WHAT YOU ARE ASKED TO DO:
Taking the entries below, transcribe only the lines starting with the one with "Wine Enthusiast 24-Bottle" and going on through the one with "Table 1: Total", exactly as written, without the pictures.

MATERIAL SUPPLIED:
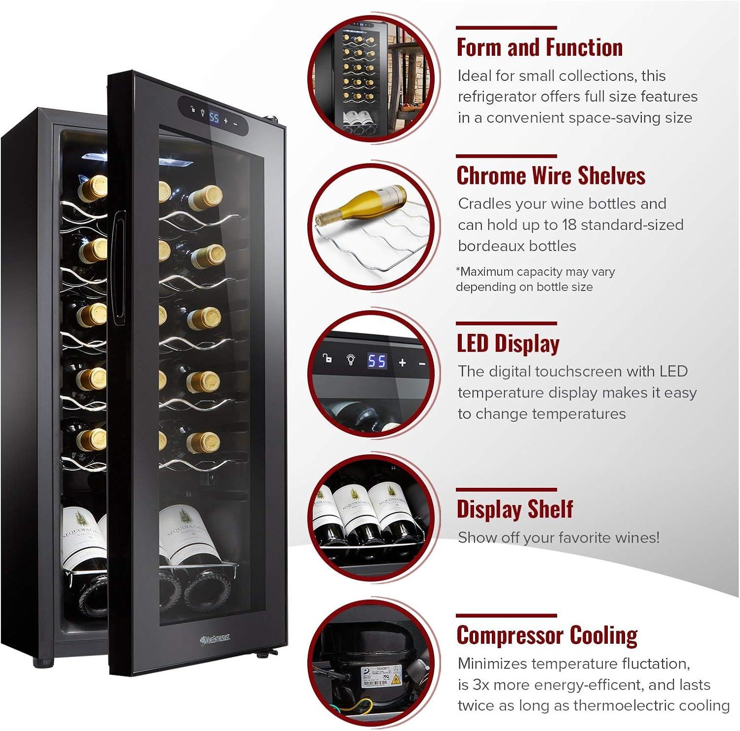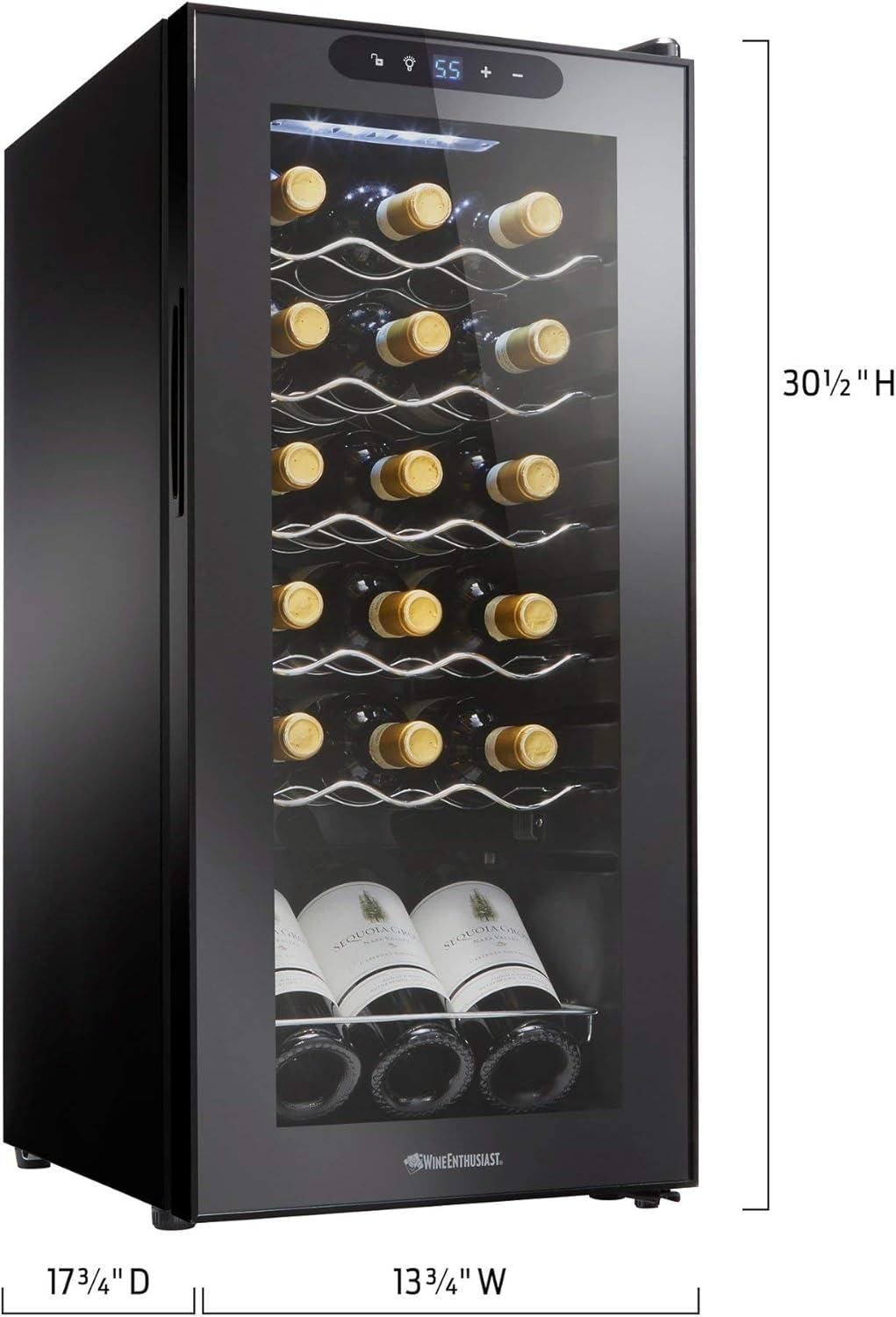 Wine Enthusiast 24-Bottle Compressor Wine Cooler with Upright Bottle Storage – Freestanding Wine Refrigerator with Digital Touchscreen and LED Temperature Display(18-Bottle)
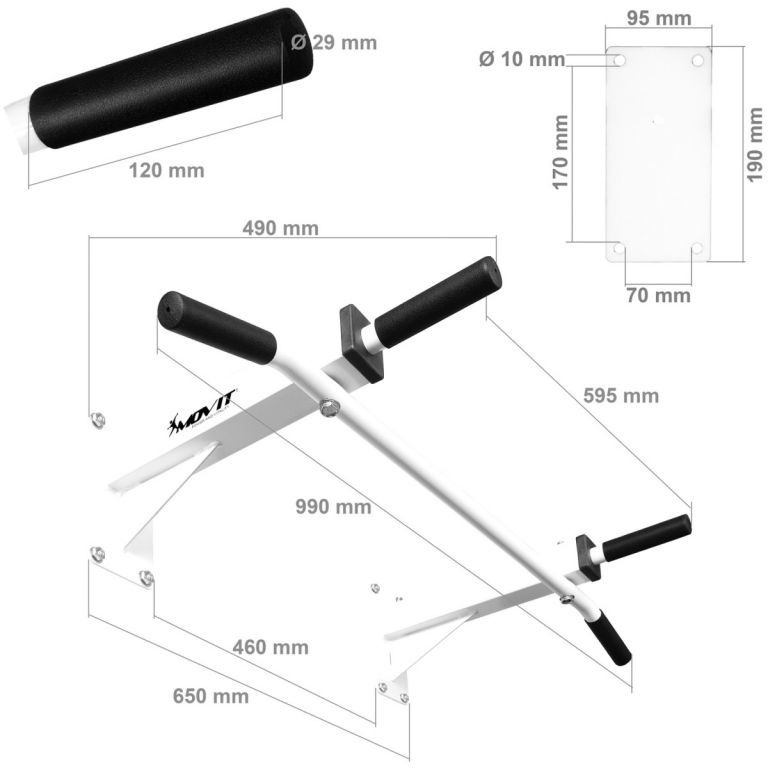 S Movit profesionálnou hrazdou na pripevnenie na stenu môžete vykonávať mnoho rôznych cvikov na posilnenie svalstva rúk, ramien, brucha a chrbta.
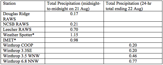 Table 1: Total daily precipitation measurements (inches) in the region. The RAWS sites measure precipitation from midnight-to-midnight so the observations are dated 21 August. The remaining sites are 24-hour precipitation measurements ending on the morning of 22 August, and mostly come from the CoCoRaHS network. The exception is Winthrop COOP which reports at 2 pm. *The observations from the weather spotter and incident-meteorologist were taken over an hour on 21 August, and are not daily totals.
* * *
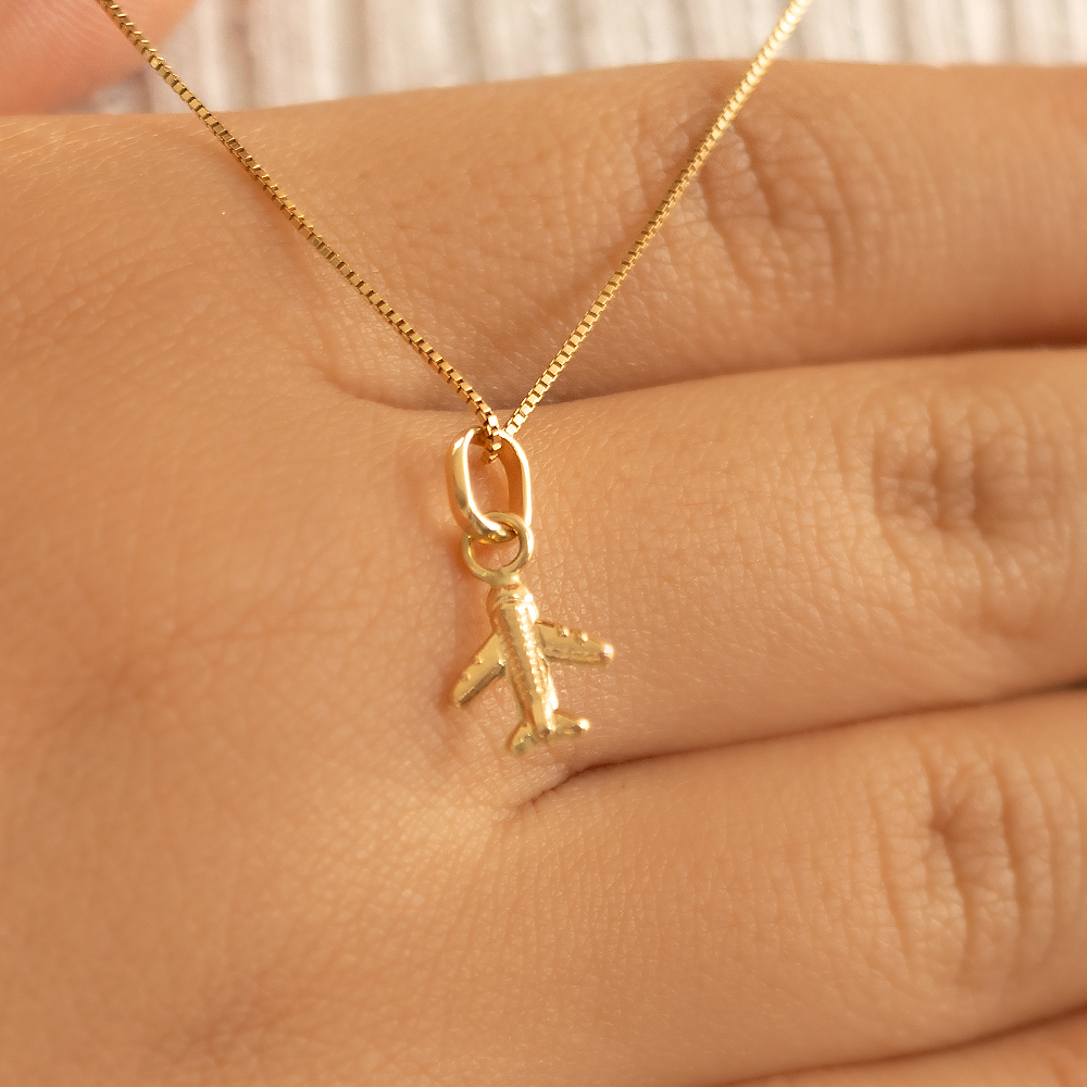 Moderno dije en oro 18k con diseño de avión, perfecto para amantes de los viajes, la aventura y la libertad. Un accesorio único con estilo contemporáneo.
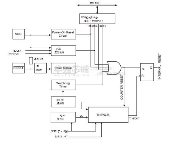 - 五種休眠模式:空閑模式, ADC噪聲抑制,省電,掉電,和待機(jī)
---
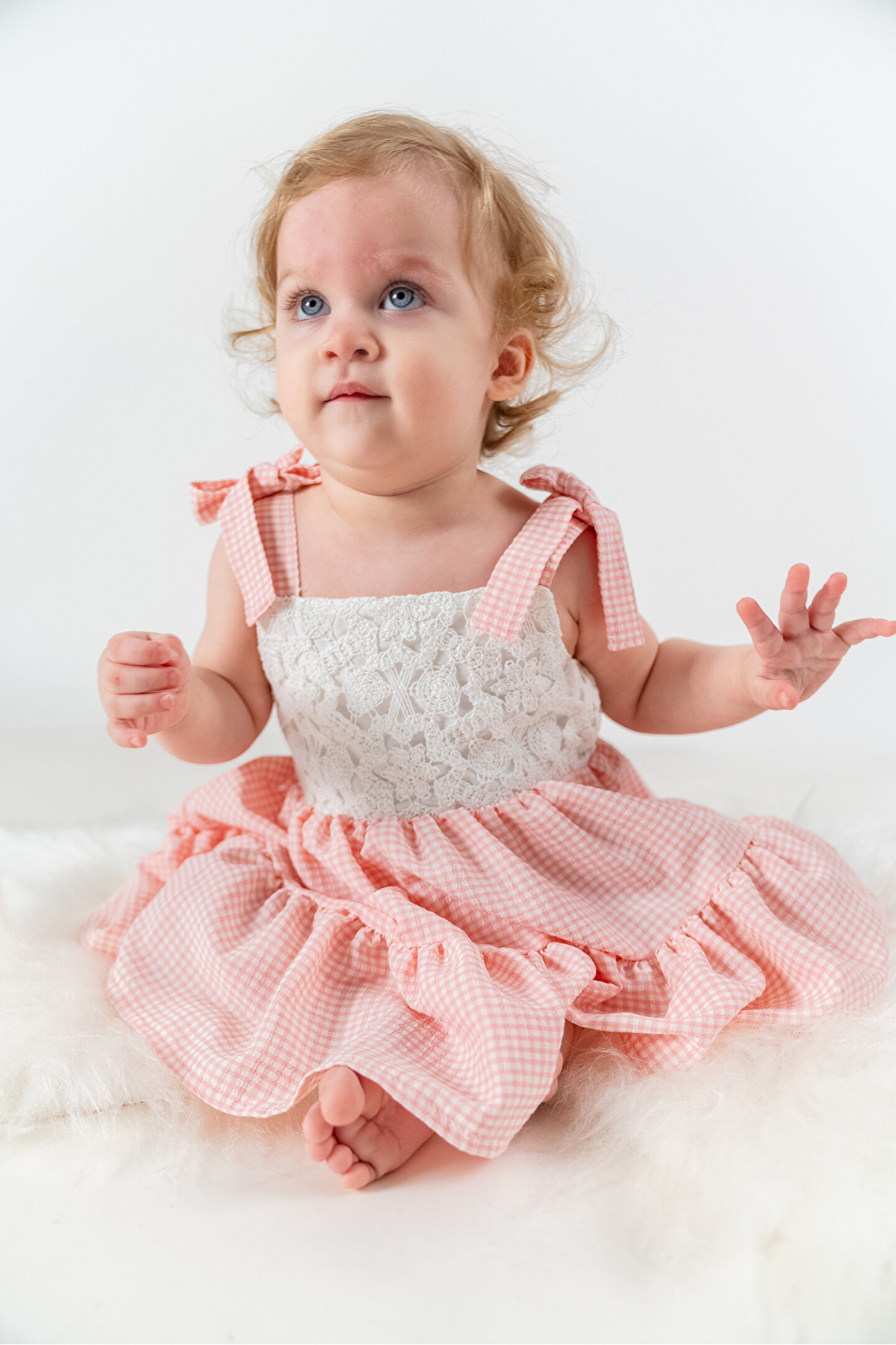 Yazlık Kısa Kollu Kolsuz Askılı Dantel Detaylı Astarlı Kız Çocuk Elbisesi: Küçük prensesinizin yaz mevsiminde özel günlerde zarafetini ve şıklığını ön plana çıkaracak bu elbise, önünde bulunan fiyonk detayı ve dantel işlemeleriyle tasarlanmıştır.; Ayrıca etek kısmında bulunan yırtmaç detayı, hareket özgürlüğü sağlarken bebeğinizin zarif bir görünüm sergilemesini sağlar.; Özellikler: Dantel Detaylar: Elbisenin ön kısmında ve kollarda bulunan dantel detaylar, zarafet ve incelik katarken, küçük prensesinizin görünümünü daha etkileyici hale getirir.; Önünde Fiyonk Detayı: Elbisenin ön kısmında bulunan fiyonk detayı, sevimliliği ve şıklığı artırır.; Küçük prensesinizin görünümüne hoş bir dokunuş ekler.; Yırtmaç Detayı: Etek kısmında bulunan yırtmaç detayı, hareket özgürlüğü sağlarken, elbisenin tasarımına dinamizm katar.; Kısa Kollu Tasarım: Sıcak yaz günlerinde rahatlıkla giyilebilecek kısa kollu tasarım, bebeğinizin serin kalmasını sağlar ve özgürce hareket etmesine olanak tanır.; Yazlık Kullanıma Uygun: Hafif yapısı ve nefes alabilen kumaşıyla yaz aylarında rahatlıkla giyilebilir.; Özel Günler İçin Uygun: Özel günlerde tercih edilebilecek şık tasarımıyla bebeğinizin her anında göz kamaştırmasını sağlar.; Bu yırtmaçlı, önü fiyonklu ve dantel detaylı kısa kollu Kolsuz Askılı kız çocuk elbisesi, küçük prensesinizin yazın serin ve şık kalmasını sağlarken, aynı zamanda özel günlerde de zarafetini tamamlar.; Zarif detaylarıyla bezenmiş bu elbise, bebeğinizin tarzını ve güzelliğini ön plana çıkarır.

RESULT OF THE EXERCISE:
 Wine Enthusiast 24-Bottle Compressor Wine Cooler with Upright Bottle Storage – Freestanding Wine Refrigerator with Digital Touchscreen and LED Temperature Display(18-Bottle)
 S Movit profesionálnou hrazdou na pripevnenie na stenu môžete vykonávať mnoho rôznych cvikov na posilnenie svalstva rúk, ramien, brucha a chrbta.
 Table 1: Total daily precipitation measurements (inches) in the region. The RAWS sites measure precipitation from midnight-to-midnight so the observations are dated 21 August. The remaining sites are 24-hour precipitation measurements ending on the morning of 22 August, and mostly come from the CoCoRaHS network. The exception is Winthrop COOP which reports at 2 pm. *The observations from the weather spotter and incident-meteorologist were taken over an hour on 21 August, and are not daily totals.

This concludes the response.